▸ **WHAT YOU SHOULD DO**: Omit all pictures. Quote the lines from the one with "Kellergestell in Friedenszeiten." through the end of the listing below, exactly as they appear.

▸ **DATA FOR REVIEW**:
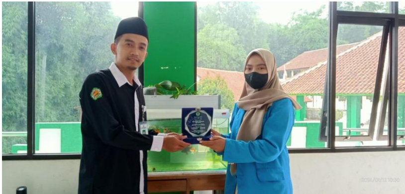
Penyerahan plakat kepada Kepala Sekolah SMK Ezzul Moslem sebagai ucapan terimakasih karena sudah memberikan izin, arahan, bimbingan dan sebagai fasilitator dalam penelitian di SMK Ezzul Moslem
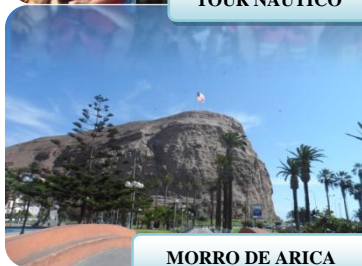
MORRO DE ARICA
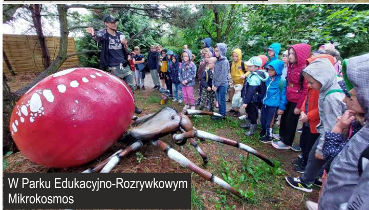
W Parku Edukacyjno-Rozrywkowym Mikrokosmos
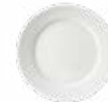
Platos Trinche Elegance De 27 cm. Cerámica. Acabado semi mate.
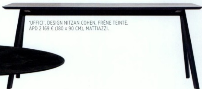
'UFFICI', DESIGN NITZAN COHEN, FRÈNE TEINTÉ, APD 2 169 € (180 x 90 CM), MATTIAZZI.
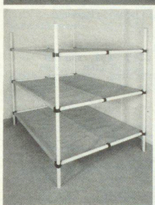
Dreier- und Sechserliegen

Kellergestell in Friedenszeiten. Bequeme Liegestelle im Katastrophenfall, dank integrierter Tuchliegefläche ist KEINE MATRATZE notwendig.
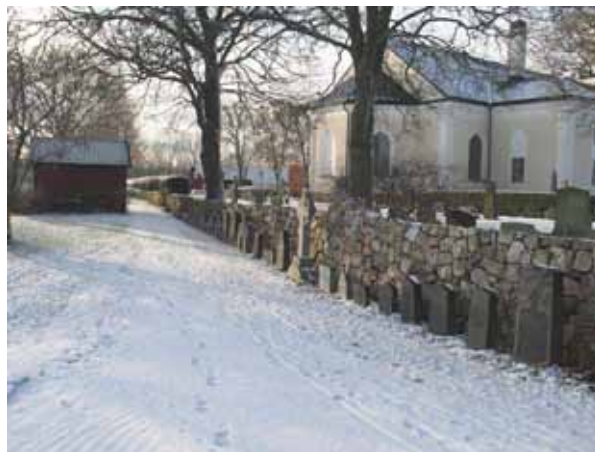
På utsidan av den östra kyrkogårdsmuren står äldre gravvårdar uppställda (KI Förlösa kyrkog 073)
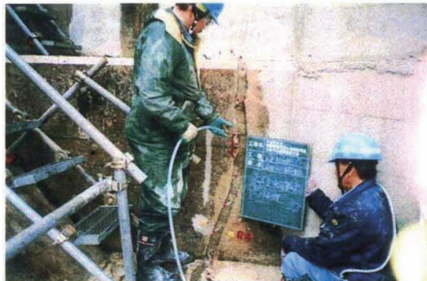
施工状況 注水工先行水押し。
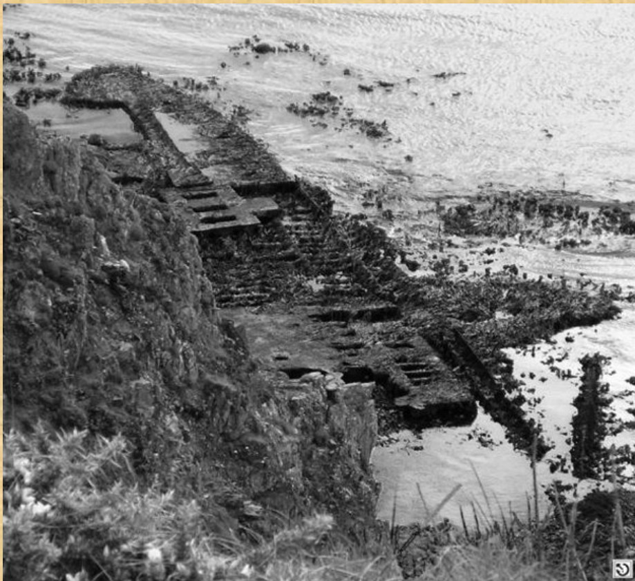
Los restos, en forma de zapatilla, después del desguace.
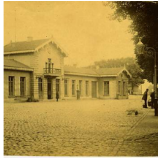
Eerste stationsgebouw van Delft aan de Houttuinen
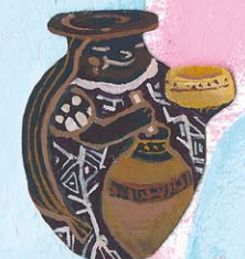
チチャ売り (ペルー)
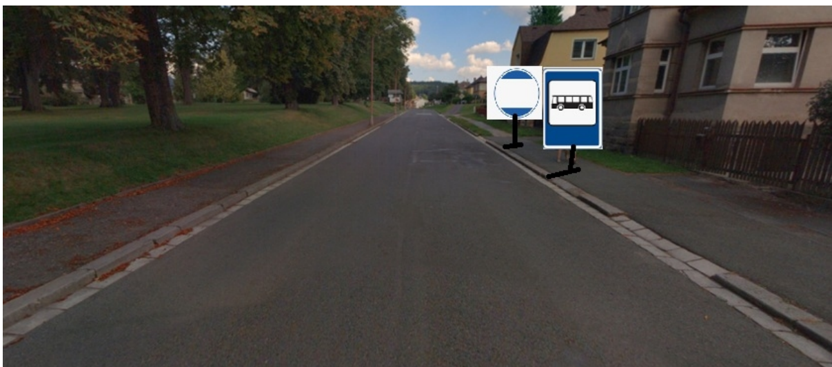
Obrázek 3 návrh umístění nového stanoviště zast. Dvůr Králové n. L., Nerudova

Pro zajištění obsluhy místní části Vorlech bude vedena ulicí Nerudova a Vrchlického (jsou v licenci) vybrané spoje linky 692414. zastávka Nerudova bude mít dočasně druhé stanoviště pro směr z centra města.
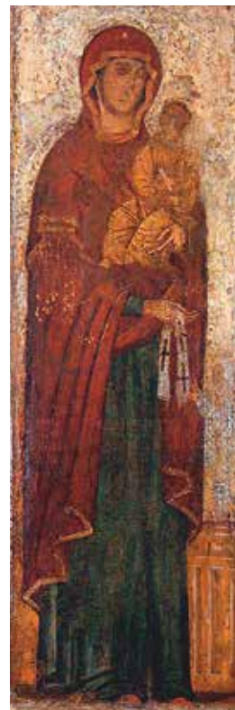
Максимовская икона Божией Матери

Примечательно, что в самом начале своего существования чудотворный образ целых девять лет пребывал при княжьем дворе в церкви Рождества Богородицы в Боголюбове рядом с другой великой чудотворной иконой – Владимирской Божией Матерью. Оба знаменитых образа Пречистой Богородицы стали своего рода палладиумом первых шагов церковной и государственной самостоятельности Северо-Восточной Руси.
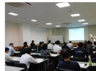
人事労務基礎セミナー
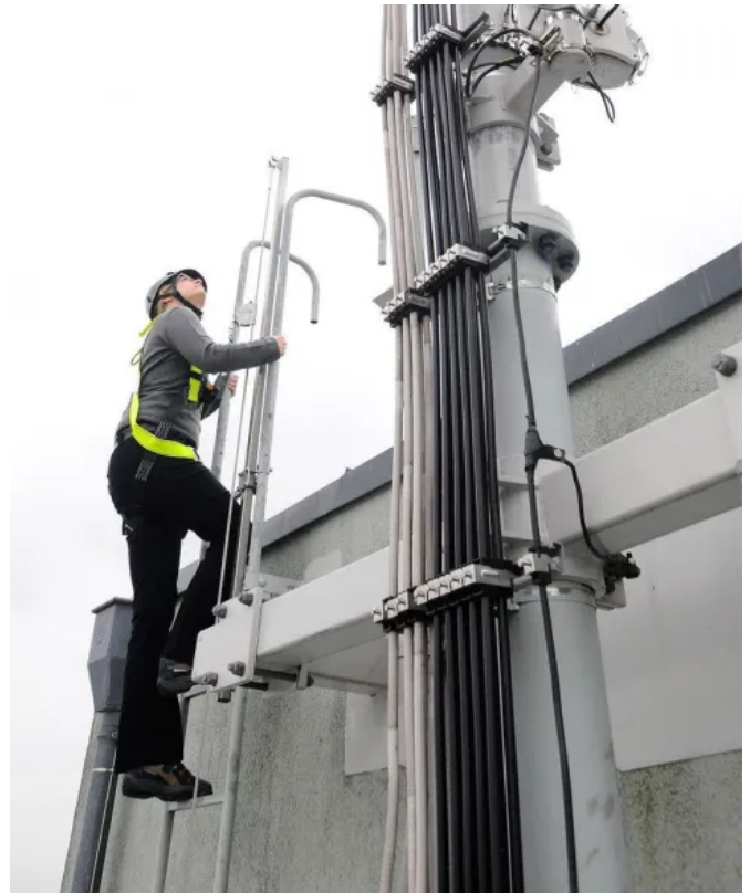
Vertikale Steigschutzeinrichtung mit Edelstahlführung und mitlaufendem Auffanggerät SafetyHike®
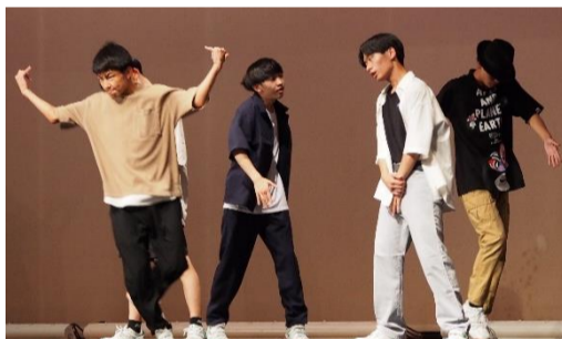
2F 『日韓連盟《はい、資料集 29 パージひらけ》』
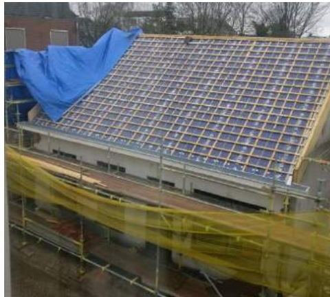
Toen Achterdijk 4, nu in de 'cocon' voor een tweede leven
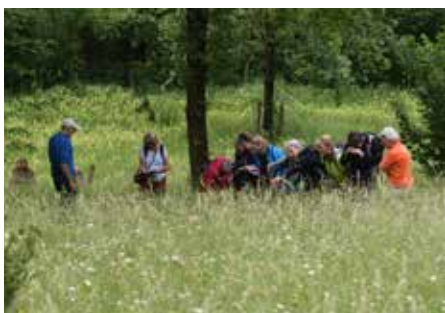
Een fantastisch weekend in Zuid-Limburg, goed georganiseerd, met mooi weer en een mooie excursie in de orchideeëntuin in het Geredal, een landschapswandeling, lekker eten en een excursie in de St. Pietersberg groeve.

▸ **ANSWER FOR THE TASK**:
Kellergestell in Friedenszeiten. Bequeme Liegestelle im Katastrophenfall, dank integrierter Tuchliegefläche ist KEINE MATRATZE notwendig.
På utsidan av den östra kyrkogårdsmuren står äldre gravvårdar uppställda (KI Förlösa kyrkog 073)
施工状況 注水工先行水押し。
Los restos, en forma de zapatilla, después del desguace.
Eerste stationsgebouw van Delft aan de Houttuinen
チチャ売り (ペルー)
Obrázek 3 návrh umístění nového stanoviště zast. Dvůr Králové n. L., Nerudova

Pro zajištění obsluhy místní části Vorlech bude vedena ulicí Nerudova a Vrchlického (jsou v licenci) vybrané spoje linky 692414. zastávka Nerudova bude mít dočasně druhé stanoviště pro směr z centra města.
Максимовская икона Божией Матери

Примечательно, что в самом начале своего существования чудотворный образ целых девять лет пребывал при княжьем дворе в церкви Рождества Богородицы в Боголюбове рядом с другой великой чудотворной иконой – Владимирской Божией Матерью. Оба знаменитых образа Пречистой Богородицы стали своего рода палладиумом первых шагов церковной и государственной самостоятельности Северо-Восточной Руси.
人事労務基礎セミナー
Vertikale Steigschutzeinrichtung mit Edelstahlführung und mitlaufendem Auffanggerät SafetyHike®
2F 『日韓連盟《はい、資料集 29 パージひらけ》』
Toen Achterdijk 4, nu in de 'cocon' voor een tweede leven
Een fantastisch weekend in Zuid-Limburg, goed georganiseerd, met mooi weer en een mooie excursie in de orchideeëntuin in het Geredal, een landschapswandeling, lekker eten en een excursie in de St. Pietersberg groeve.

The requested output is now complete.